• _TASK DIRECTIONS_: An exact copy of the listing below is the answer, with the pictures removed.

• _PROVIDED MATERIAL_:
════════════════

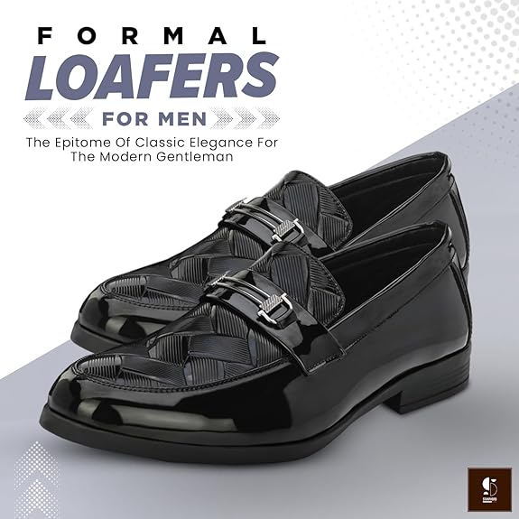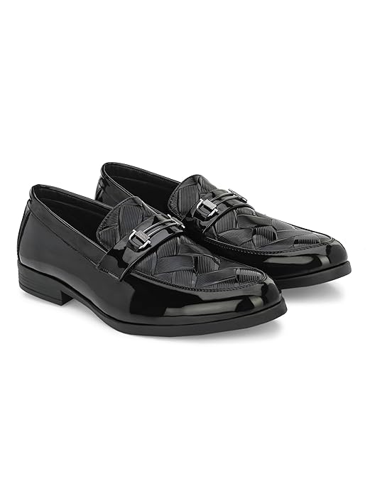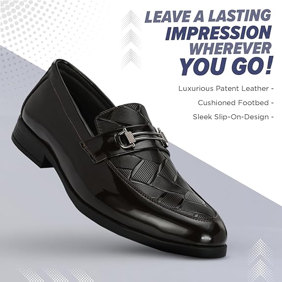 Mens Ascent Formal Shoes |Patent Faux Leather Office Wear Slip-on Shoes | Shinny & Glossy | Buckle Design | Comfortable |Perfect for Formal Wear, Business Casual, and Parties
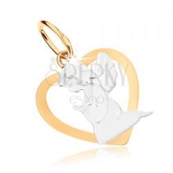 Medál 9K aranyból fényes sárga szívkörvonallal és gravírozott angyalkával fehér aranyból, mely a szív közepébe van elhelyezve. A medál felszíne ródiumozott. A láncra kerülő szem ovális alakú. A medál méretei: 12 x 12 mm A láncra kerülő szem szélessége: 2 mm A medál súlya: 0,2 g Fémjelzéssel ellátott. Medál lánc nélkül. A ródiummal kezelt felület biztosítja
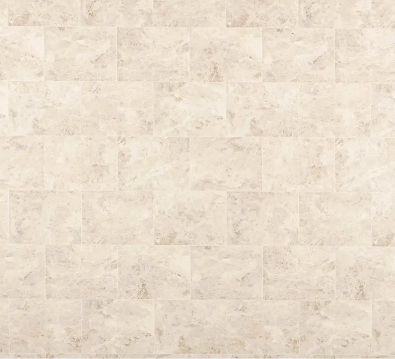 Elastyczna wykładzina w kolorze beżu z wzorem marmurowych płytek. Odporna na wilgoć, łatwa w czyszczeniu.
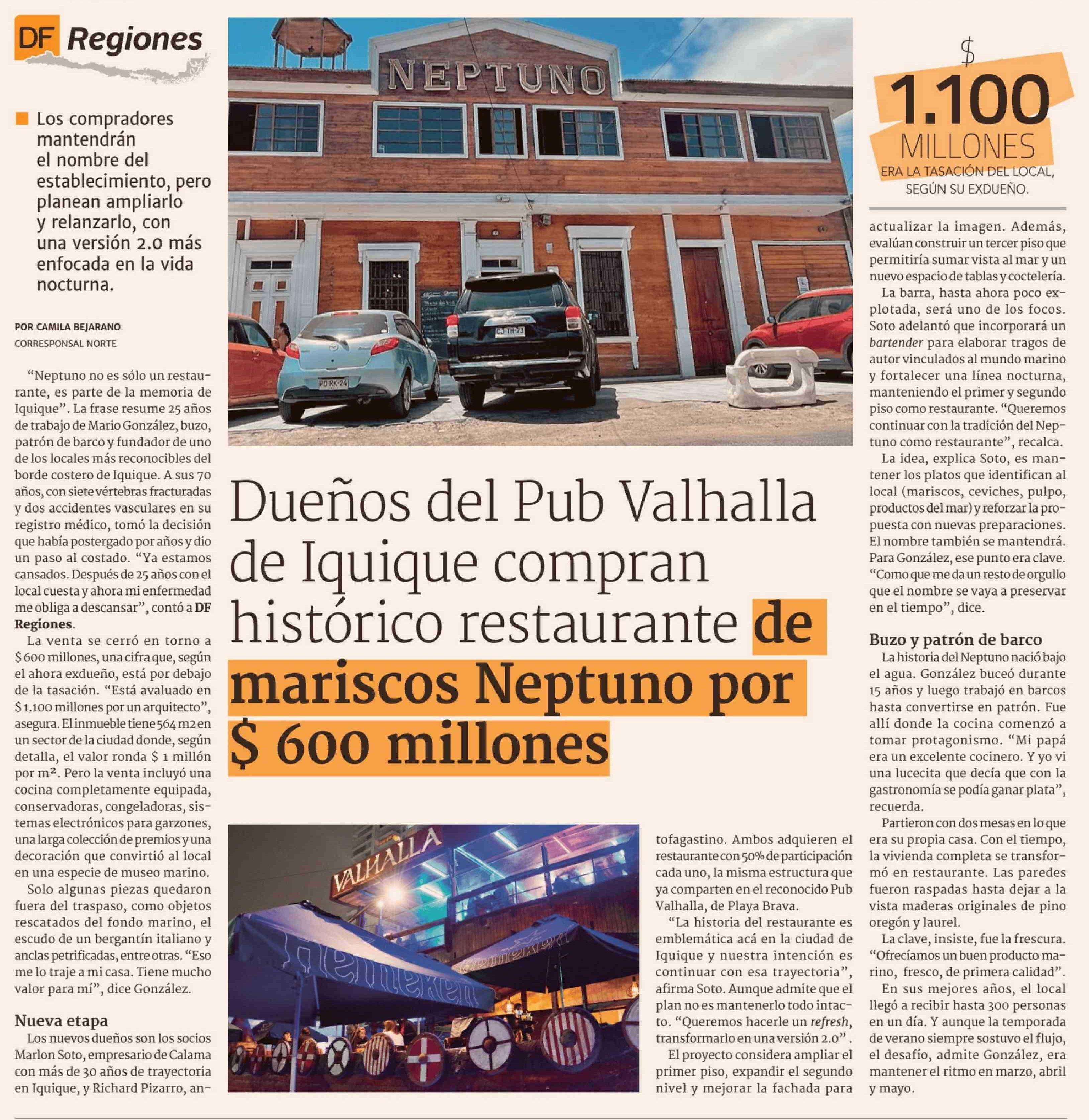 Dueños del Pub Valhalla de Iquique compran histórico restaurante de mariscos Neptuno por $ 600 millones 02-03-2026 Diario Financiero |

════════════════

• _ANSWER TO THIS TASK_:
 Mens Ascent Formal Shoes |Patent Faux Leather Office Wear Slip-on Shoes | Shinny & Glossy | Buckle Design | Comfortable |Perfect for Formal Wear, Business Casual, and Parties
 Medál 9K aranyból fényes sárga szívkörvonallal és gravírozott angyalkával fehér aranyból, mely a szív közepébe van elhelyezve. A medál felszíne ródiumozott. A láncra kerülő szem ovális alakú. A medál méretei: 12 x 12 mm A láncra kerülő szem szélessége: 2 mm A medál súlya: 0,2 g Fémjelzéssel ellátott. Medál lánc nélkül. A ródiummal kezelt felület biztosítja
 Elastyczna wykładzina w kolorze beżu z wzorem marmurowych płytek. Odporna na wilgoć, łatwa w czyszczeniu.
 Dueños del Pub Valhalla de Iquique compran histórico restaurante de mariscos Neptuno por $ 600 millones 02-03-2026 Diario Financiero |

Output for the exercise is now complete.